Data provided –
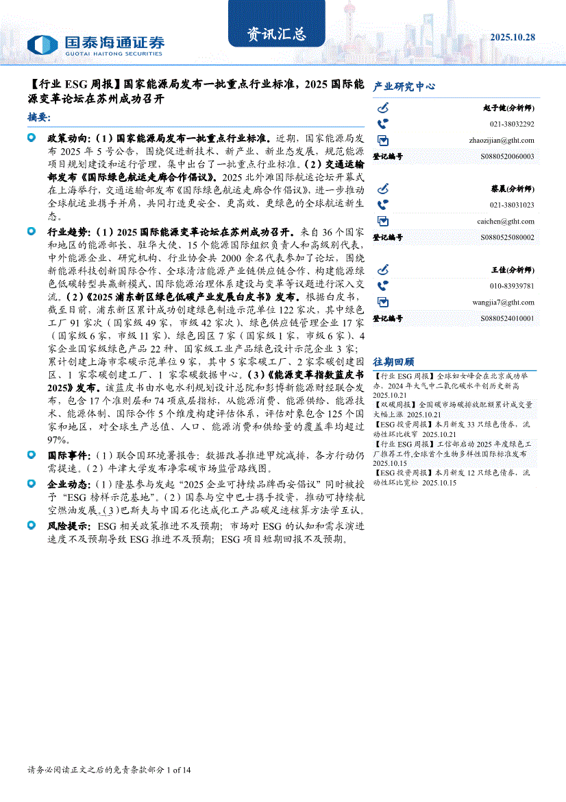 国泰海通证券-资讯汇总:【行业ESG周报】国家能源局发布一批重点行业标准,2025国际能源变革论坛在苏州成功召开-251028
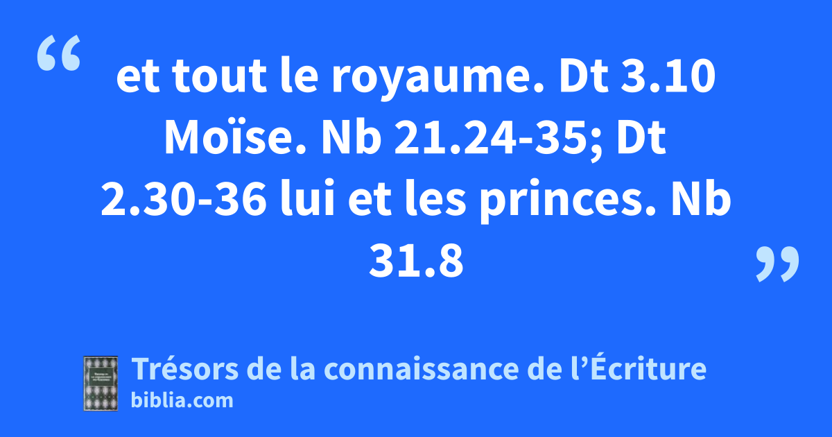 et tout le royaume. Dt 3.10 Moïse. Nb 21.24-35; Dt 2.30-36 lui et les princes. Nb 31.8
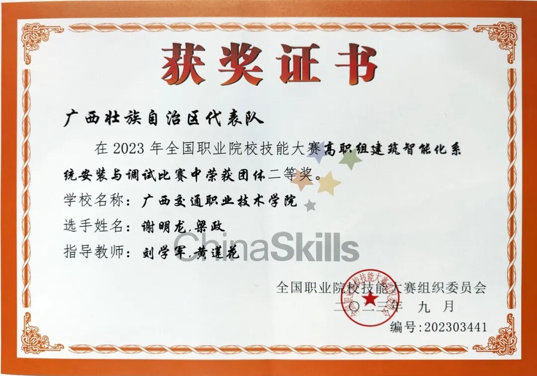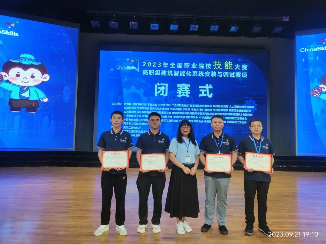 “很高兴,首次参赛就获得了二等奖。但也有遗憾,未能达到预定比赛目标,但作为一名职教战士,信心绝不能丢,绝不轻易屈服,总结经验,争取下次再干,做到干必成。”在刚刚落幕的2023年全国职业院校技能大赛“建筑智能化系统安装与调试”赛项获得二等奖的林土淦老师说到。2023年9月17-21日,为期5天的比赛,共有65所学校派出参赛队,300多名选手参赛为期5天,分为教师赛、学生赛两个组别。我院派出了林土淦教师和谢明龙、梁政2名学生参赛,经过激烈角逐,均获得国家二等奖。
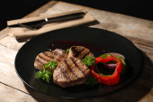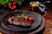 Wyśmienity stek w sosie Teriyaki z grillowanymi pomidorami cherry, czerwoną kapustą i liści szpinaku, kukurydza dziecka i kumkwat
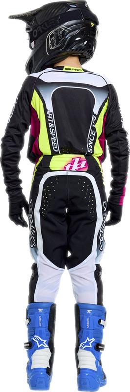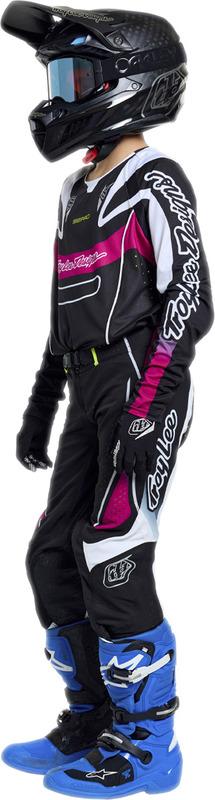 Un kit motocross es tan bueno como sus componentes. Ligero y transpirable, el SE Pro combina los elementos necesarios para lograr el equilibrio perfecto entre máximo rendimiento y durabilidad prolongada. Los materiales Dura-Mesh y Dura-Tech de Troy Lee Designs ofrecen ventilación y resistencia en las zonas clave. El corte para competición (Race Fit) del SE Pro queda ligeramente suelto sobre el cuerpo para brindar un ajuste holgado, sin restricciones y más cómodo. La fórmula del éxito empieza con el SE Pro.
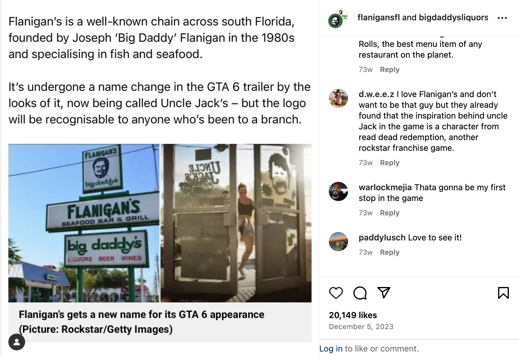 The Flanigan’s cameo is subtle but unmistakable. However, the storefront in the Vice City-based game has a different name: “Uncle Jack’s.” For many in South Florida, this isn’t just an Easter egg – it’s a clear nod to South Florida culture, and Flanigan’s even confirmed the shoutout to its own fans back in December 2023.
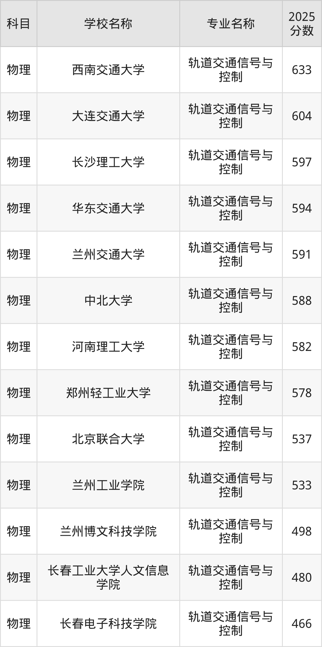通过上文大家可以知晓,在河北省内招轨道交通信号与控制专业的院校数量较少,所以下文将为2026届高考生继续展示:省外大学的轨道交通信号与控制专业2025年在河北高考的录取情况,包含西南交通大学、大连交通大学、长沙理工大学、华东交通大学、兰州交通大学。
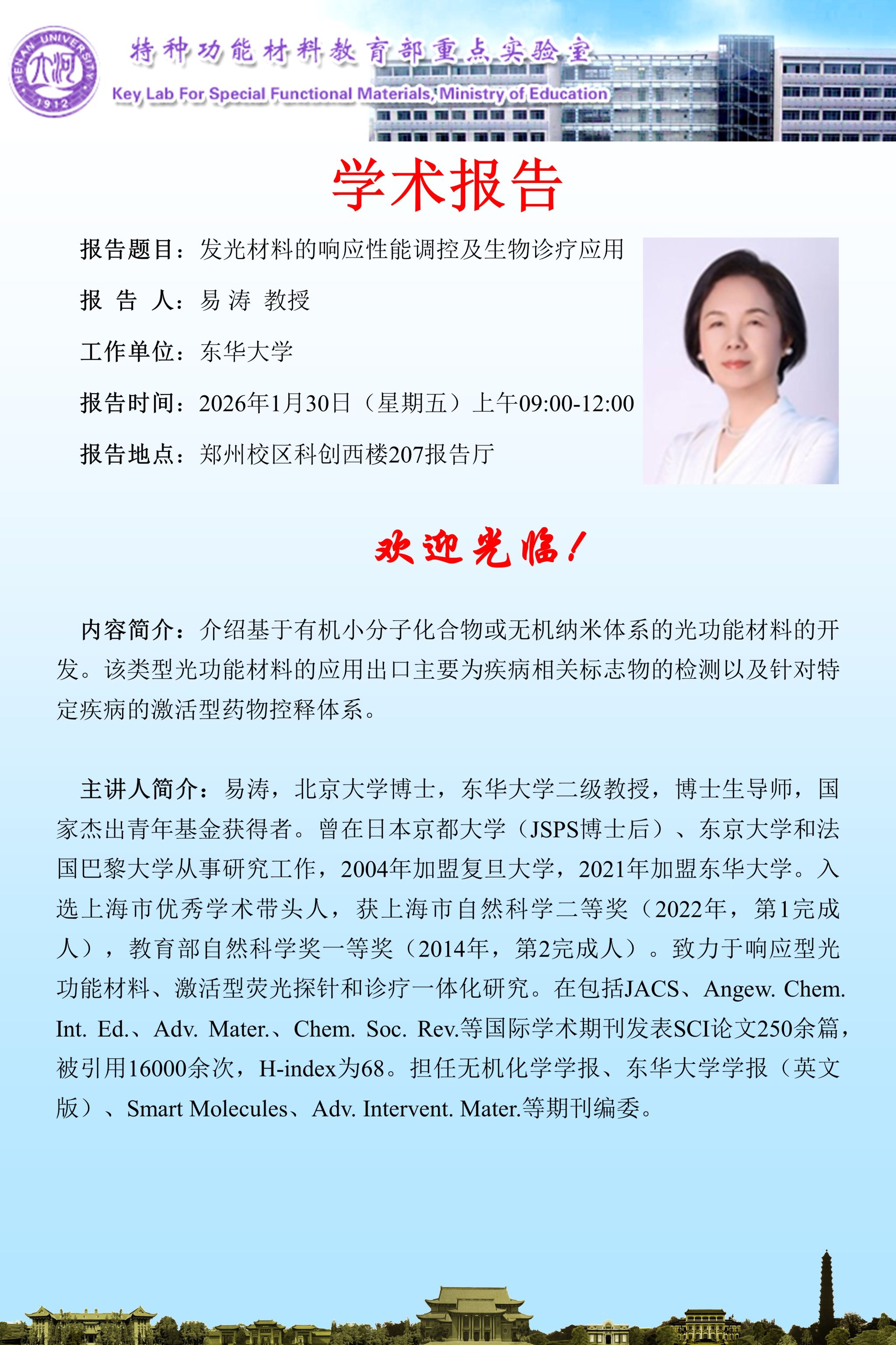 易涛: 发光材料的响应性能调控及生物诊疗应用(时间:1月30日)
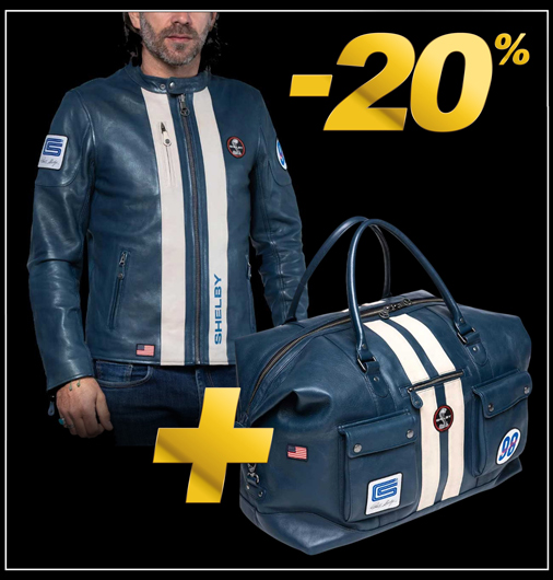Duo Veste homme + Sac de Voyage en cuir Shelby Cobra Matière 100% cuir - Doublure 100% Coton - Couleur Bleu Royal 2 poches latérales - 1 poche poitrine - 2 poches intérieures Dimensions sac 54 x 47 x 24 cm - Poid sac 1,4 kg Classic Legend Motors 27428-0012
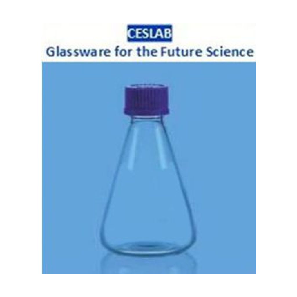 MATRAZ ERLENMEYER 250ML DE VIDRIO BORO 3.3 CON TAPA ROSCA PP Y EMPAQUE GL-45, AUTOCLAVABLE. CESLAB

Task – The listing is to be reproduced in full and exactly, except that its pictures are to be dropped.

Finished exercise –
 国泰海通证券-资讯汇总:【行业ESG周报】国家能源局发布一批重点行业标准,2025国际能源变革论坛在苏州成功召开-251028
 et tout le royaume. Dt 3.10 Moïse. Nb 21.24-35; Dt 2.30-36 lui et les princes. Nb 31.8
 “很高兴,首次参赛就获得了二等奖。但也有遗憾,未能达到预定比赛目标,但作为一名职教战士,信心绝不能丢,绝不轻易屈服,总结经验,争取下次再干,做到干必成。”在刚刚落幕的2023年全国职业院校技能大赛“建筑智能化系统安装与调试”赛项获得二等奖的林土淦老师说到。2023年9月17-21日,为期5天的比赛,共有65所学校派出参赛队,300多名选手参赛为期5天,分为教师赛、学生赛两个组别。我院派出了林土淦教师和谢明龙、梁政2名学生参赛,经过激烈角逐,均获得国家二等奖。
 Wyśmienity stek w sosie Teriyaki z grillowanymi pomidorami cherry, czerwoną kapustą i liści szpinaku, kukurydza dziecka i kumkwat
 Un kit motocross es tan bueno como sus componentes. Ligero y transpirable, el SE Pro combina los elementos necesarios para lograr el equilibrio perfecto entre máximo rendimiento y durabilidad prolongada. Los materiales Dura-Mesh y Dura-Tech de Troy Lee Designs ofrecen ventilación y resistencia en las zonas clave. El corte para competición (Race Fit) del SE Pro queda ligeramente suelto sobre el cuerpo para brindar un ajuste holgado, sin restricciones y más cómodo. La fórmula del éxito empieza con el SE Pro.
 The Flanigan’s cameo is subtle but unmistakable. However, the storefront in the Vice City-based game has a different name: “Uncle Jack’s.” For many in South Florida, this isn’t just an Easter egg – it’s a clear nod to South Florida culture, and Flanigan’s even confirmed the shoutout to its own fans back in December 2023.
通过上文大家可以知晓,在河北省内招轨道交通信号与控制专业的院校数量较少,所以下文将为2026届高考生继续展示:省外大学的轨道交通信号与控制专业2025年在河北高考的录取情况,包含西南交通大学、大连交通大学、长沙理工大学、华东交通大学、兰州交通大学。
 易涛: 发光材料的响应性能调控及生物诊疗应用(时间:1月30日)
Duo Veste homme + Sac de Voyage en cuir Shelby Cobra Matière 100% cuir - Doublure 100% Coton - Couleur Bleu Royal 2 poches latérales - 1 poche poitrine - 2 poches intérieures Dimensions sac 54 x 47 x 24 cm - Poid sac 1,4 kg Classic Legend Motors 27428-0012
 MATRAZ ERLENMEYER 250ML DE VIDRIO BORO 3.3 CON TAPA ROSCA PP Y EMPAQUE GL-45, AUTOCLAVABLE. CESLAB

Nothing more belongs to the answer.